§ **Recorded data**
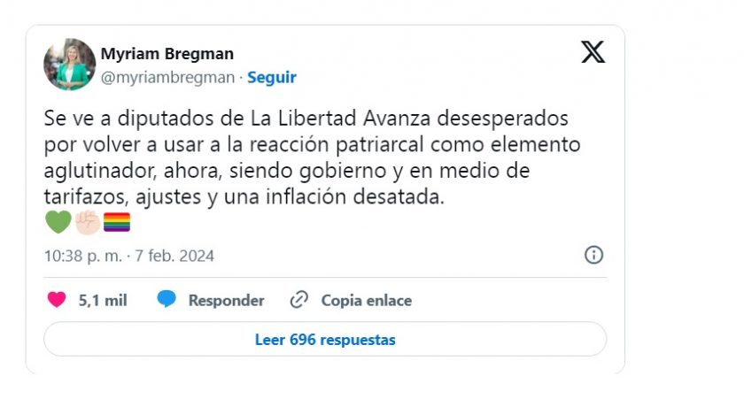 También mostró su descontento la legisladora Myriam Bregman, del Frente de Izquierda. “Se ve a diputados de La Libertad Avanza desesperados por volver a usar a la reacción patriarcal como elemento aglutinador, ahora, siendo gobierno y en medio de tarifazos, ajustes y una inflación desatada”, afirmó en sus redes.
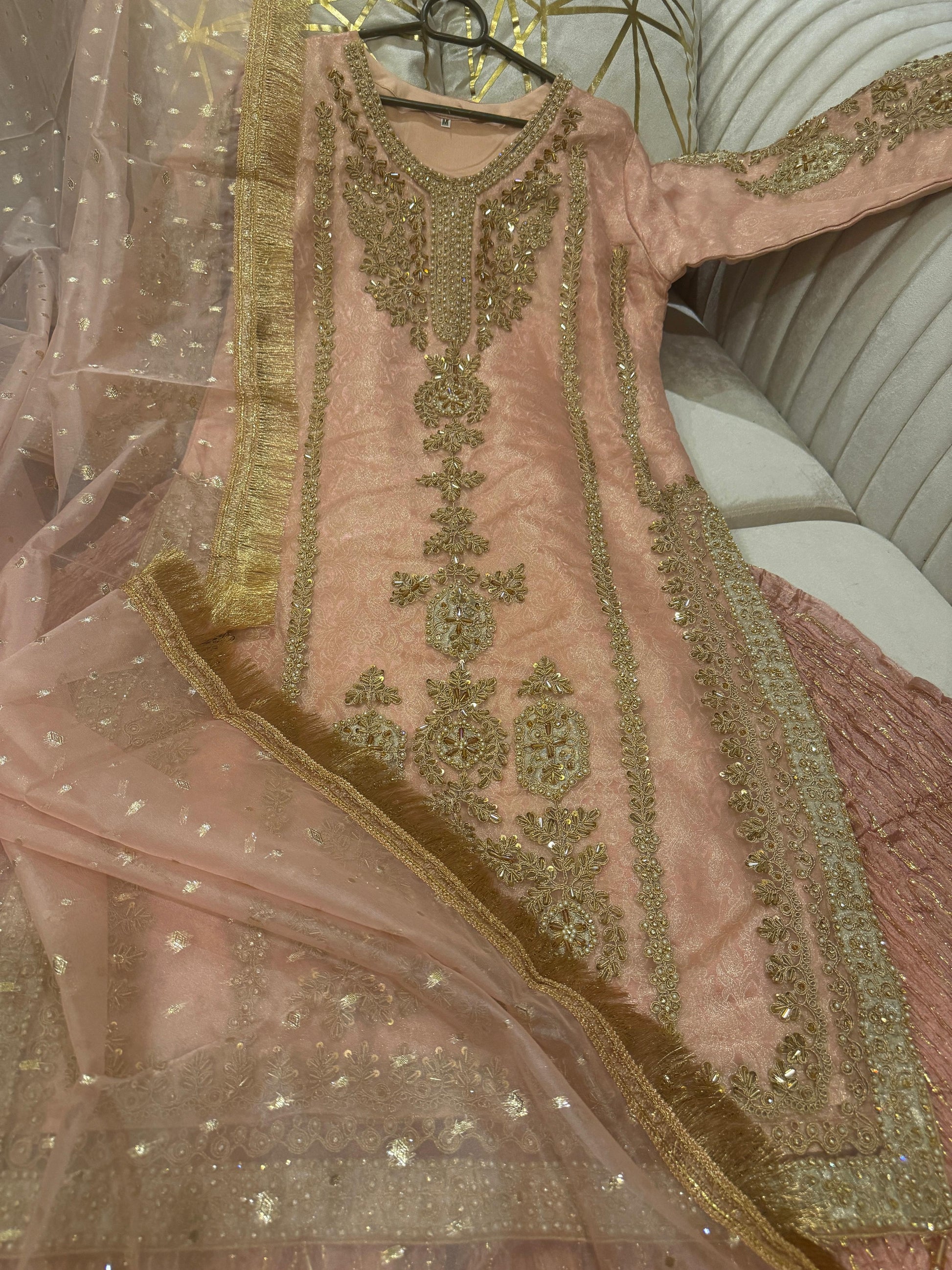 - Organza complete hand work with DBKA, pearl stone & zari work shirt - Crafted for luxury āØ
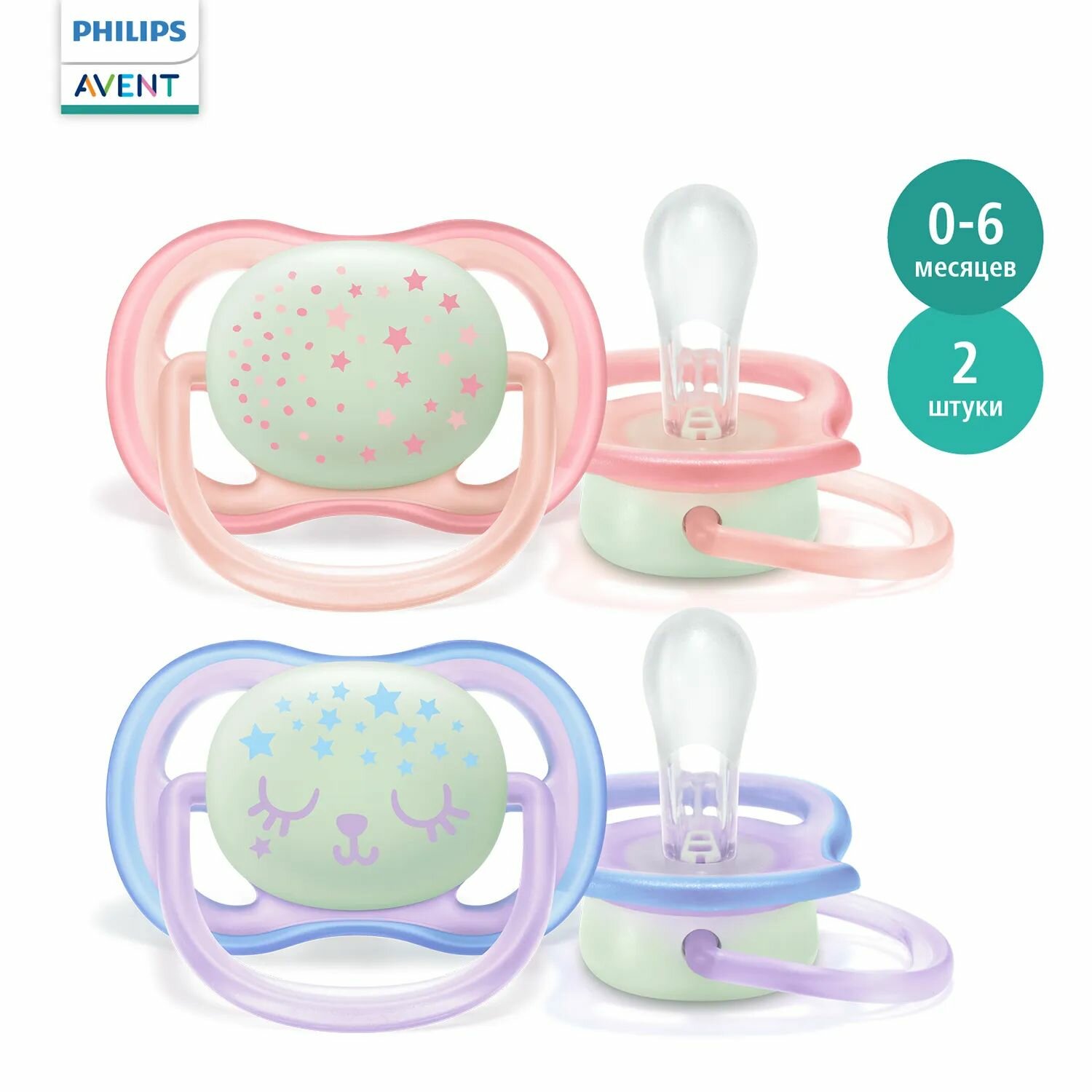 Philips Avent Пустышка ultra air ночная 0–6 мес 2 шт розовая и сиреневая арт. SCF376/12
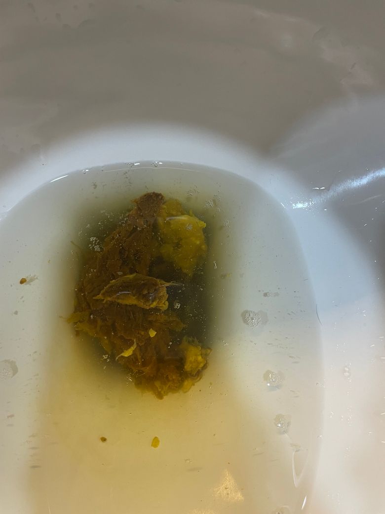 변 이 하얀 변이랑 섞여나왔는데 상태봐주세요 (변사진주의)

==

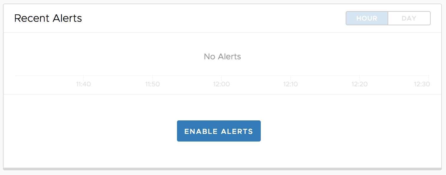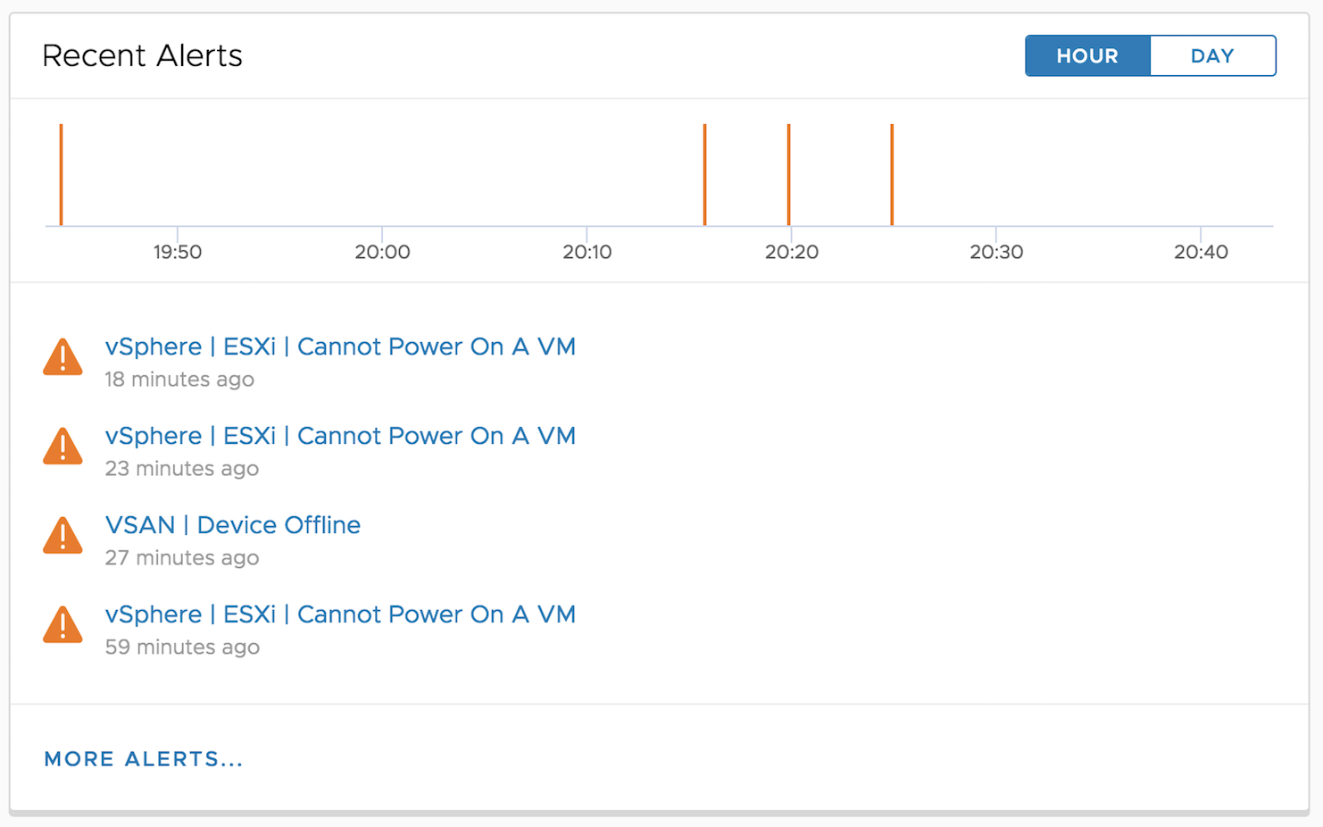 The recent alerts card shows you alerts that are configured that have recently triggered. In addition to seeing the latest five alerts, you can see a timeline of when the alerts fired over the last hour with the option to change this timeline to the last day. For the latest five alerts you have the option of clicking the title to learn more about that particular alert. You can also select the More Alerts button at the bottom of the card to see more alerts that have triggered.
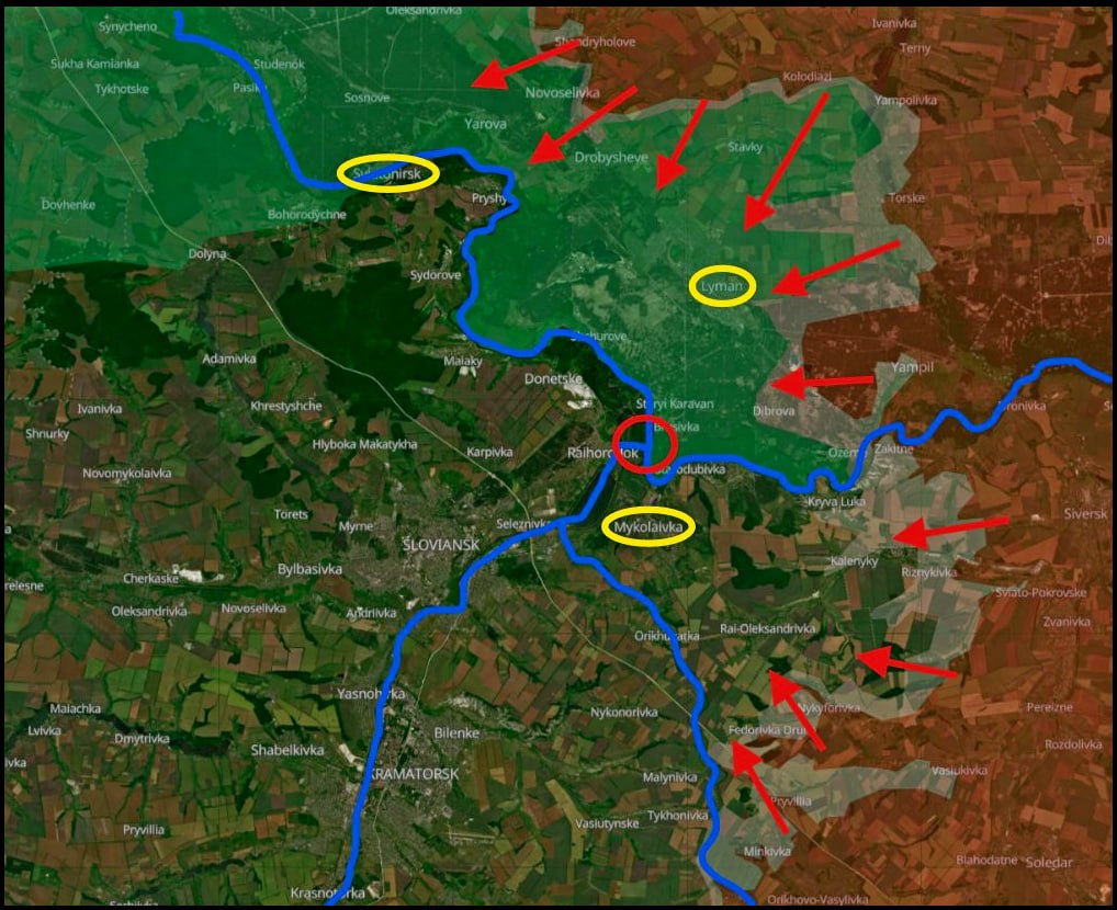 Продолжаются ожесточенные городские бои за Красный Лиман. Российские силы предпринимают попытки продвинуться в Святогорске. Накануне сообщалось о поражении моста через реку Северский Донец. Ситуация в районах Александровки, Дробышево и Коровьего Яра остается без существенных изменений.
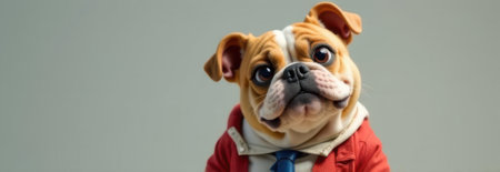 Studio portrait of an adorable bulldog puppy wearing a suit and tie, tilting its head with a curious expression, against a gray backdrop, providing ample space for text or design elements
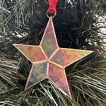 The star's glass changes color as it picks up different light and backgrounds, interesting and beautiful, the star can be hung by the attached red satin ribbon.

§ **Problem**
Up in the listing, locate the line with "También mostró su"; print it and every line after it down to the line with "변 이 하얀 변이랑 섞여나왔는데 상태봐주세요 (변사진주의)", which is included too. Skip the pictures.

§ **Written solution**
 También mostró su descontento la legisladora Myriam Bregman, del Frente de Izquierda. “Se ve a diputados de La Libertad Avanza desesperados por volver a usar a la reacción patriarcal como elemento aglutinador, ahora, siendo gobierno y en medio de tarifazos, ajustes y una inflación desatada”, afirmó en sus redes.
 - Organza complete hand work with DBKA, pearl stone & zari work shirt - Crafted for luxury āØ
 Philips Avent Пустышка ultra air ночная 0–6 мес 2 шт розовая и сиреневая арт. SCF376/12
 변 이 하얀 변이랑 섞여나왔는데 상태봐주세요 (변사진주의)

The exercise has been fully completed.